When I measured jitter I found that it was higher in cheaper instruments [1], so I think it might be dependent on the hardware that is listening to the MIDI output.
They are (besides the Monotron Duo, which has a second oscillator (but no way to play it paraphonically without hardware hacking, you can just tune it differently)), but this is the Monotron Delay, which has, well, you can probably figure that out.
What I'd love to see is if they could use the same tuning system they used here to tune the delay time and make the monotron delay do some kind of karplus strong synthesis! That's assuming there are patch points for the delay time, I guess...
you can accomplish this by automating VR6A on pin 6 of the pt2399. one oldschool method to add CV control of a potentiometer is to control the resistance with a vactrol.

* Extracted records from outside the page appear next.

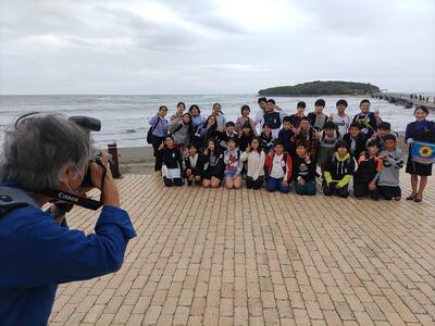 集合写真を撮影後、いざ青島へ。
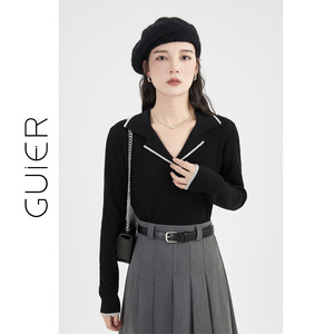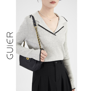 桂儿「澳毛线」软糯!灰色针织衫秋装女小众法式显瘦V领气质上衣
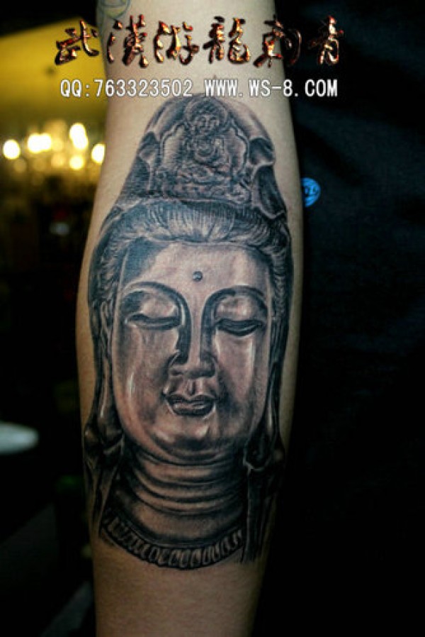 腿部观音佛头像纹身_宗教纹身图案大全_纹身图吧
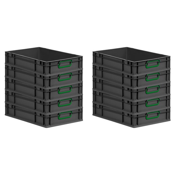 PROREGAL SparSet 10x Eurobox NextGen Color, HxBxT 12x40x60cm, 23 Liter, Griffe grün geschlossen, Schwarz, Eurobehälter, Transportbox, Transportbehälter, Stapelbehälter
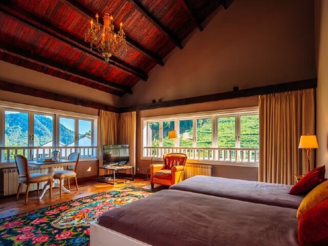 从精致的地砖,到黑色大理石的梳妆台、黄铜的饰品、古董般的羊毛地毯,无不散发着古典优雅的气息。这些房间或临茶园,或面湖景,要么就独享浩瀚竹林,风景独美。
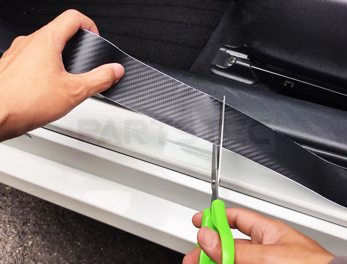 カーボン柄のカッティングシートになります。幅5㎝x1巻き10mと細部にも使用できるサイズとなっております。傷隠しや汚れ防止といった補修、保護材としてもお使いいただけます。裏面は両面テープとなっておりますので貼り付けるだけで簡単に取り付けが可能です。

Yeah, the monotron is monophonic. But you're ear is right on because it does sound like multiple synths - I'm actually augmenting the monotron a bit here using another device called the norns [1] with a script I wrote [2] which converts the initial drone note into a drone covering six different pitches at various volumes (sort of a super saw). After that augmented drone you'll hear an arpeggio which is pure monotron (plus its delay which adds a little polyphony as mentioned).

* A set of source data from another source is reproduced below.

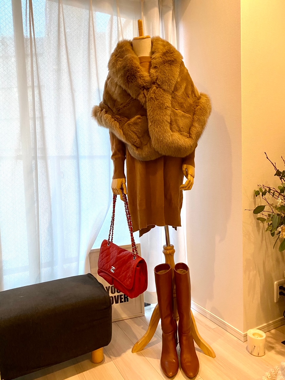 Fur shawls→NO BRAND、Knitonepiece→DEMYLEE、Bag→CHANEL、Boots→Banana Republic
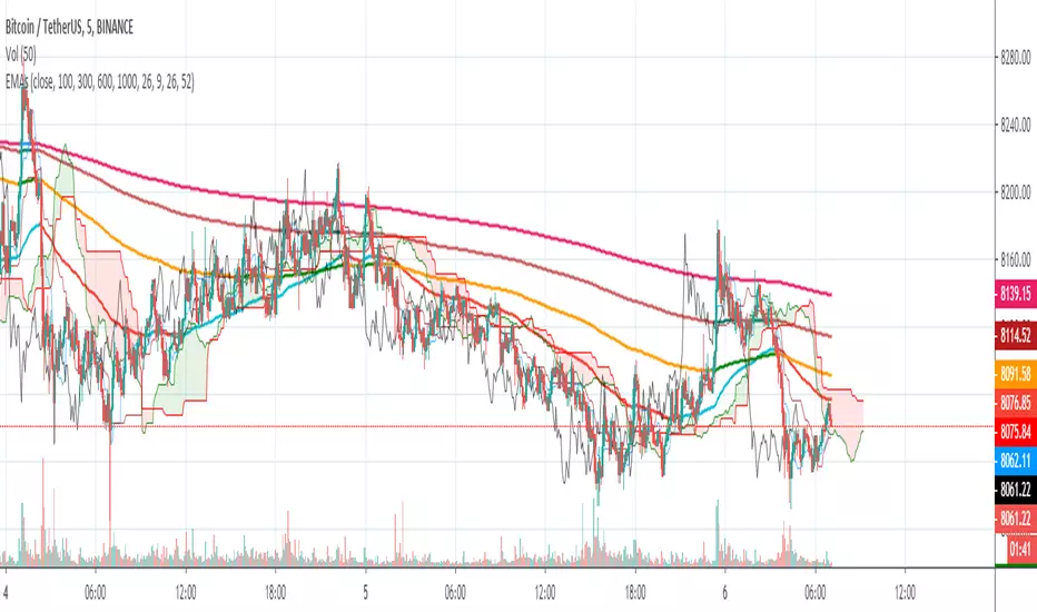 4 EMAs With Colors(100,300,600,1000)+ichimoku Cloud
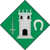 - «Escudo embaldosado: de sinople, una torre de plata cerrada de sable acostada de una espada de plata a la diestra y de una herradura de plata a la siniestra.»[6]

I created a midi piano in the browser for a Roland EP7 IIe that sent midi note off in a weird way - causing double notes , it would send the same note but with just the velocity information changed to 0, which most midi software didn't like.
Sending a noteOn with 0 velocity instead of noteOff is surprisingly common among MIDI keyboard implementations, so Im surprised that a lot of software wasn't handling it well.
It's not just common, it is part of the MIDI specification and deliberately done that way to allow running status, an optimization that was important in the days of (true) serial MIDI.
Which midi software did not like that? It is so common I build support for that into all my midi projects, so I'm kind of curious who would not support it and why.
This is great. And miti is exactly what I was looking for. Started working on something similar in bash and perl on top of gbevin's sendmidi [1] a while ago, but this looks like it'll save me much effort. Thanks!
Thanks! That's a neat solution! If I had seen that before, I may not have made miti :)
I found there's other few programming-friendly simple MIDI sequencers [1] but generally none of them were simple enough for me. I'm pretty happy with the simplicity and power behind miti and use it quite a bit for my own purposes. Feel free to ping me if you have issues with it or ideas to improve it!
Brilliant trick to self calibrate, these are probably each different enough that if you hooked up another one to the same PI it would come out all out of tune.